La généralisation de l’intelligence artificielle bouleverse l’économie mondiale. En automatisant massivement la production, elle fait chuter le coût des biens et services tout en modifiant profondément la valeur des métiers centrés sur l’humain. Ce changement majeur impose de repenser la redistribution des richesses et le rôle des politiques publiques dans un modèle économique transformé.
L’essor rapide de l’IA marque un tournant économique sans précédent. Capable d’automatiser des pans entiers de la production, elle promet une augmentation considérable du volume de biens et de services mondialement. Selon le rapport Technology and Innovation 2025 publié par l’ONU Commerce et Développement, la valeur marchande du secteur devrait être multipliée par vingt-cinq en une décennie. Cela passe de 189 milliards de dollars en 2023 à 4 800 milliards en 2033. Cette croissance entraînerait une baisse généralisée des prix des produits issus de l’automatisation. Toutefois, cette révolution technologique soulève une question essentielle : dans un monde où la production devient presque gratuite, quelle place conservera le travail humain ?
Vers une économie d’abondance aux prix dérisoires
L’automatisation généralisée des processus industriels et numériques entraîne une chute prévisible des coûts de production. Les biens matériels, les logiciels complexes et de nombreux services numériques pourraient être proposés à des tarifs quasi nuls. Cette évolution pourrait également favoriser tout freelance en portage salarial, pouvant accéder à des solutions performantes à moindre coût pour optimiser leurs missions.
Une telle accessibilité ouvrirait la voie à une démocratisation massive des technologies, rendant abordables des produits autrefois considérés comme haut de gamme.
Toutefois, cette baisse de prix ne garantit pas une prospérité équitable. Si les revenus issus du travail diminuent parallèlement à l’automatisation, le pouvoir d’achat des ménages risque de s’effondrer. L’économie pourrait alors se retrouver face à une contradiction importante : une production abondante mais inaccessible faute de ressources financières pour consommer.
Le véritable enjeu réside donc dans la distribution des richesses, non dans la technologie elle-même. Les gouvernements devront mettre en place des mécanismes de régulation capables d’empêcher la concentration des bénéfices au profit de quelques acteurs. Plusieurs pistes sont envisagées, comme :
- La mise en place d’un revenu universel, d’un dividende technologique ;
- De nouvelles formes de fiscalité adaptées à l’économie numérique.
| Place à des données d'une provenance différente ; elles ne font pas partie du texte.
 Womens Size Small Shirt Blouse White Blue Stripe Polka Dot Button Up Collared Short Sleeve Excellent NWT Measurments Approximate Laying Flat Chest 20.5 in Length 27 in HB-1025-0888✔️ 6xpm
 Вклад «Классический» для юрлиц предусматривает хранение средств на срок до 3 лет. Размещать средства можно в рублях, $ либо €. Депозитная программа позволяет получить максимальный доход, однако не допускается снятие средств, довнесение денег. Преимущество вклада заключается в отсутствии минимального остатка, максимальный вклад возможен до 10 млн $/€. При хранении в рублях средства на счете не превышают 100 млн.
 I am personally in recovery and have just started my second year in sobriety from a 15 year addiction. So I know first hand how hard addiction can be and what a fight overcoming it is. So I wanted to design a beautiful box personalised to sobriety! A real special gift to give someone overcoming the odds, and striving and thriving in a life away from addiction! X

La montée en valeur des métiers centrés sur l’humain
À mesure que les tâches techniques et intellectuelles deviennent automatisables, certaines activités reposant sur l’intuition, la créativité ou l’empathie gagnent en importance. Divers métiers apparaissent comme les nouveaux piliers d’une économie équilibrée, y compris ceux de :
- L’éducation ;
- Le soin ;
- L’accompagnement psychologique ;
- L’artisanat ;
- La gastronomie ;
- La protection environnementale.
Ces professions, longtemps sous-valorisées, pourraient devenir des vecteurs essentiels de cohésion sociale et de circulation des richesses. Dans cette évolution, il est possible qu’un freelance en portage salarial trouve aussi sa place, notamment dans les activités de conseil, de formation, etc.
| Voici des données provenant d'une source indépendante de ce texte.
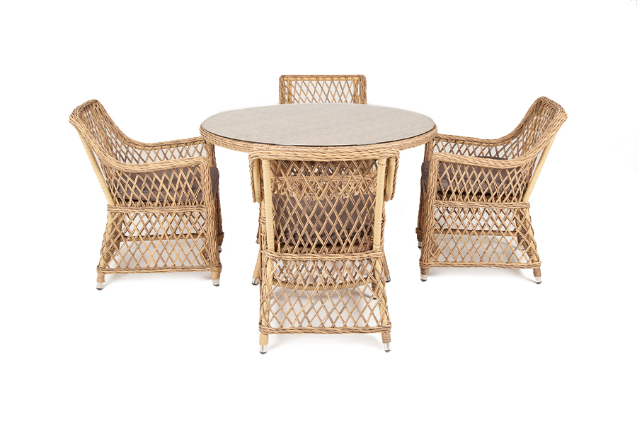 Классическая уличная обеденная группа «Доппио» для сада, летней веранды ресторана. В комплекте круглый обеденный стол «Эспрессо» (1180×1180×750 мм) с ударопрочной стеклянной столешницей и 4 кресла коллекции «Латте» 550×660×850 мм.
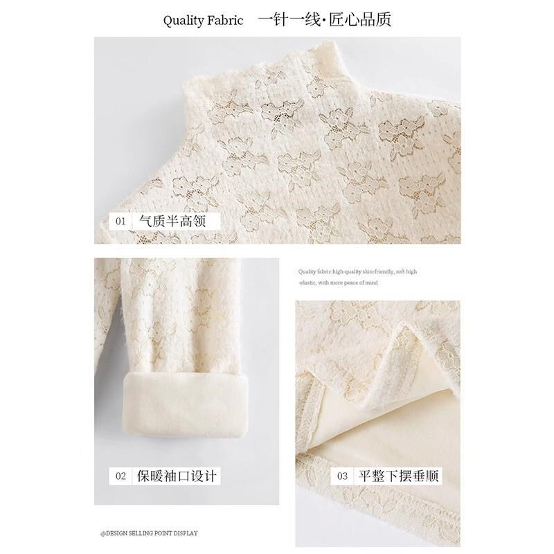 半高领蕾丝打底衫女秋冬高级感内搭可外穿加绒加厚一体绒保暖上衣
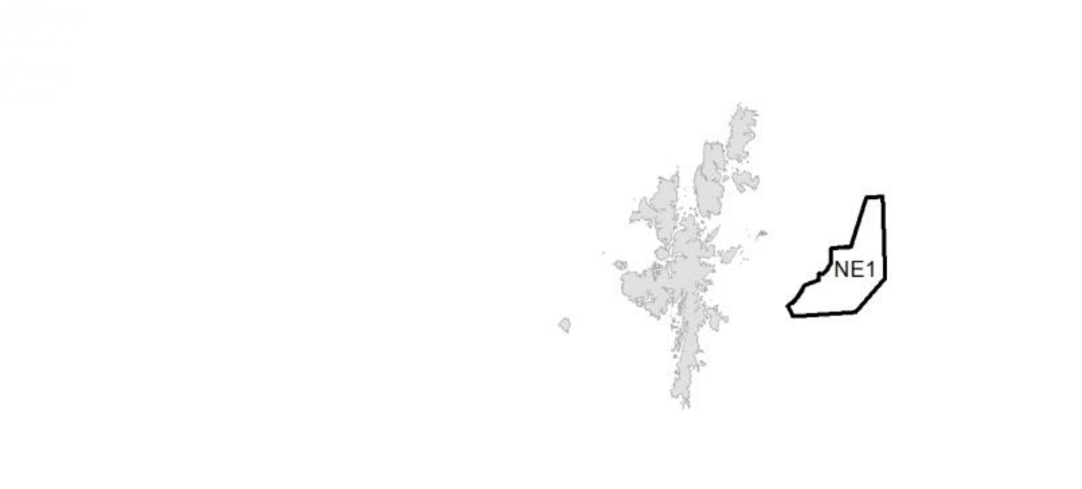 The NE1 area is located in the waters 18 kilometres east of Shetland and covers 751 square kilometres which are estimated to be able to house 2 GW of installed offshore wind capacity, equating to 53 per cent of the total area.
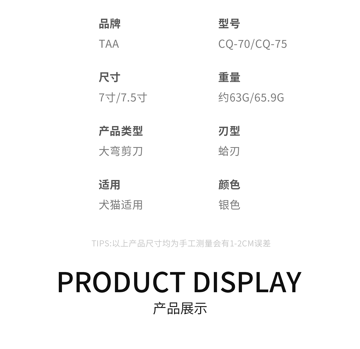 TAA它它宠物美容弯剪CQ-70/CQ-75脸部修圆
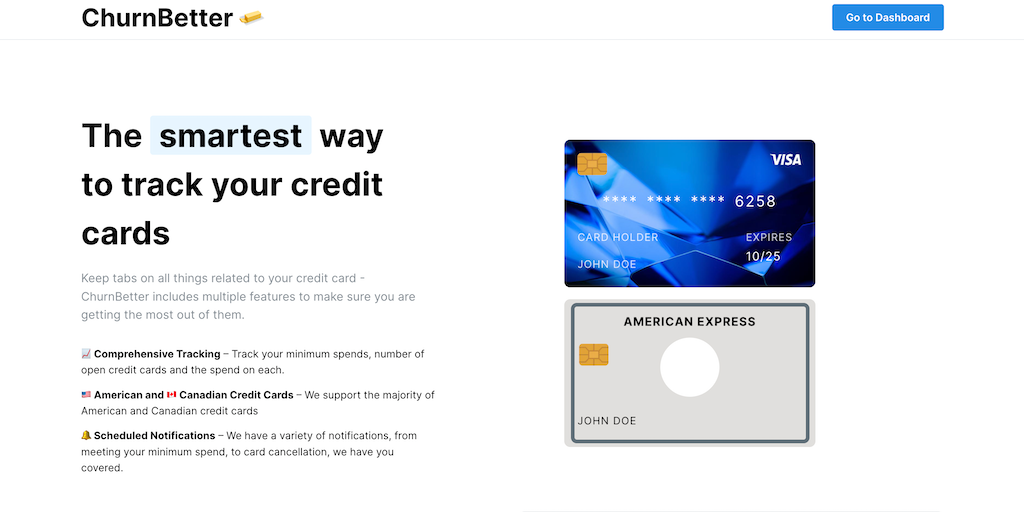 Do you track your credit cards? You may be missing out on cash value and points with just one! ChurnBetter was created to make credit card tracking simple and easy. With alerts to track minimum spend
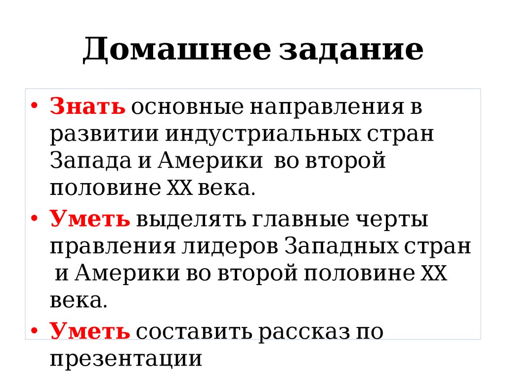 Развитые индустриальные страны Запада и Америки во второй половине ХХ века (1 часть)
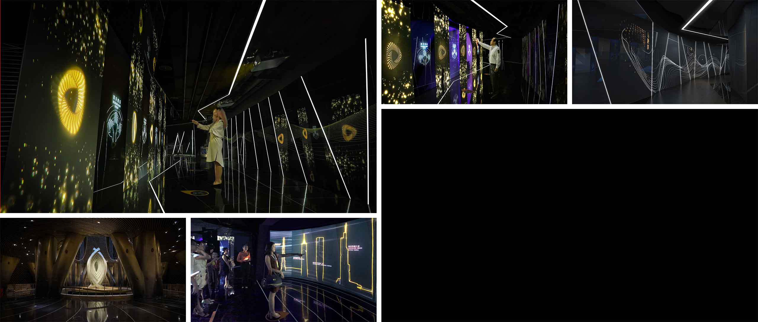 This exhibition space is the most elevated in the world, towering over the skyline of the city on the 125th floor of the Shanghai Center. It is built around a mechanic marvel, the Tuned Mass Damper, which stabilizes the tower in case of extreme winds or earthquakes. Vividly explaining this technology, the visitor is guided to experience animated double layer holovision models, interact with breathing projection walls and large scale magic glass installations. A high-tech adventure in the clouds.

Cette transformation implique également une redéfinition du statut du travail humain. Sa valeur ne résidera plus dans la productivité, mais dans sa capacité à répondre à des besoins irréductiblement humains. Pour soutenir cette mutation, les pouvoirs publics devront garantir une reconnaissance économique de ces métiers, adaptant et les systèmes de financement.
L’avenir dépendra donc de la capacité des États à encadrer cette transition. L’IA pourrait devenir un levier de prospérité partagée plutôt qu’un facteur d’inégalités. Seulement, certains points sont à voir : ajuster les politiques de redistribution, limiter la concentration du capital technologique, adapter le droit du travail, etc.